他身着古拙长袍,样式奇古,非今非昔,面容隐在光影之后看不真切,惟有一双眼睛,锐利如穿透万古时空的冷电,带着一种审视万物的漠然与…一丝难以言喻的惊疑!
虚影的目光,无视了激战的众人,无视了闪耀的武库核心,更无视了手握令牌、意图不轨的林风。
那两道冰冷锐利的视线,如同实质的锁链,先死死钉在濒死的郗娅身上,似乎要洞穿她衰朽的躯壳,直刺血脉深处。紧接着,那目光猛地转向地上口鼻溢血、挣扎欲起的任玄!
目光在任玄与郗娅之间,急速轮转!
一种源自血脉本源的、无形的共鸣,在这诡异的注视下,仿佛被强行从沉睡中唤醒!
任玄只觉得心脏猛地一缩,一股源自骨髓深处的悸动和难以言喻的悲怆轰然炸开,竟让他暂时忘却了周身剧痛,茫然抬头,迎向那虚影的目光!
郗娅浑浊的眼底,那丝微弱的光似乎也剧烈跳动了一下,枯唇无声地翕动。
整个武库石殿,时间仿佛在这一刻凝固。
激战暂停,杀机犹在。铜人独眼猩红闪烁,赵嫣寒罡流转,林风手握令牌蓄势待发,苏梦瑶与红月弟子剑拔弩张。
一切的焦点,都汇聚在那道自铜人核心浮现的诡异虚影,和他那穿透血肉、死死锁定任玄与郗娅的冰冷目光之上。
这目光,在探究什么?
这血脉的悸动,又昭示着何等被岁月掩埋的滔天隐秘?
武库核心光晕中的同源图景,在这虚影的注视下,似乎也蒙上了一层更深的、血色弥漫的疑云…
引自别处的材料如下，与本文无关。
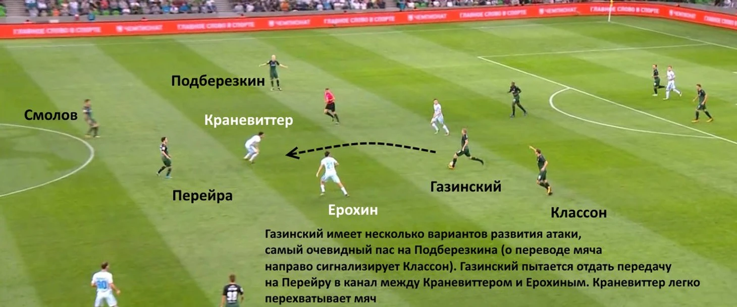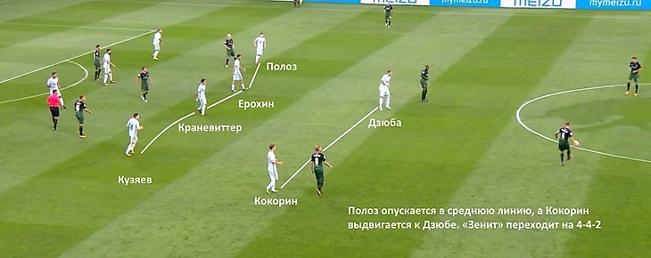Ближе к середине второго тайма питерцы снова изменили схему – теперь Кокорин и Полоз опускались на одну линию с защитниками. О прессинге и отборе мяча на чужой половине поля уже никто не думал.
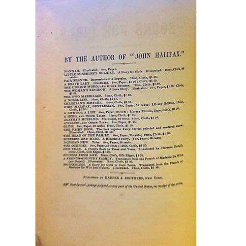 This finely crafted Victorian edition belongs to Harper’s celebrated Books for Girls series, a pioneering collection designed to provide uplifting and morally instructive reading for young women. Written by Dinah Maria Mulock Craik—one of the 19th century’s most beloved women authors—this volume embodies the moral and literary ideals of its era: self-discipline, compassion, courage, and feminine virtue.

沉重的身躯爆发出与其体型不符的迅猛!巨斧撕裂空气,带着刺耳的呼啸,分作两路!
一路六尊,猩红独眼死死盯着郗娅方向,巨斧高举,如黑色山岳般碾压过来!
另一路六尊,则直扑赵嫣布下的寒罡屏障,巨斧抡圆,狠狠劈下!
“挡住!”
任玄目眦欲裂,强忍周身欲裂的剧痛,体内那桀骜难驯的残存真气疯狂注入断矛!
矛身嗡鸣震颤,灰白剑气再次暴涨,竟隐隐凝聚成一杆虚幻、却透着无尽镇压之意的巨大战枪虚影——镇狱枪意!
“破!”
他喉间爆出嘶哑怒吼,不退反进,拖着濒临崩溃的身躯,迎着碾压而来的六尊铜人,一矛刺出!
枪影如龙,带着一股崩山裂狱、镇压八荒的惨烈气势!
“轰!”
当先一尊铜人巨大的开山斧与灰白枪影轰然对撞!气浪如狂潮炸开!铜人庞大的身躯竟被这一枪蕴含的恐怖力量震得踉跄后退,沉重的金属脚掌在地面犁出深深沟壑!胸前那厚重的金属甲胄上,赫然出现一个深深的凹陷!
“呃啊!”
任玄亦如断线风筝般倒飞而回,口中鲜血狂喷,断矛脱手飞出,整个人重重砸在冰冷的石地上,眼前阵阵发黑,只觉全身骨骼都欲散架,丹田如被烈火焚烧、寒冰冻结,毒煞彻底失控,疯狂肆虐!
“玄哥哥!”
苏梦瑶悲呼,红绫暴涨,如灵蛇般卷住倒飞的任玄,将他拉回弟子组成的防御圈内。
红月弟子们早已红了眼,长剑组成剑阵,死死抵住剩余五尊铜人狂暴的劈砍,金铁交鸣声不绝于耳,火星四溅,每一次撞击都有人吐血倒飞,防线摇摇欲坠!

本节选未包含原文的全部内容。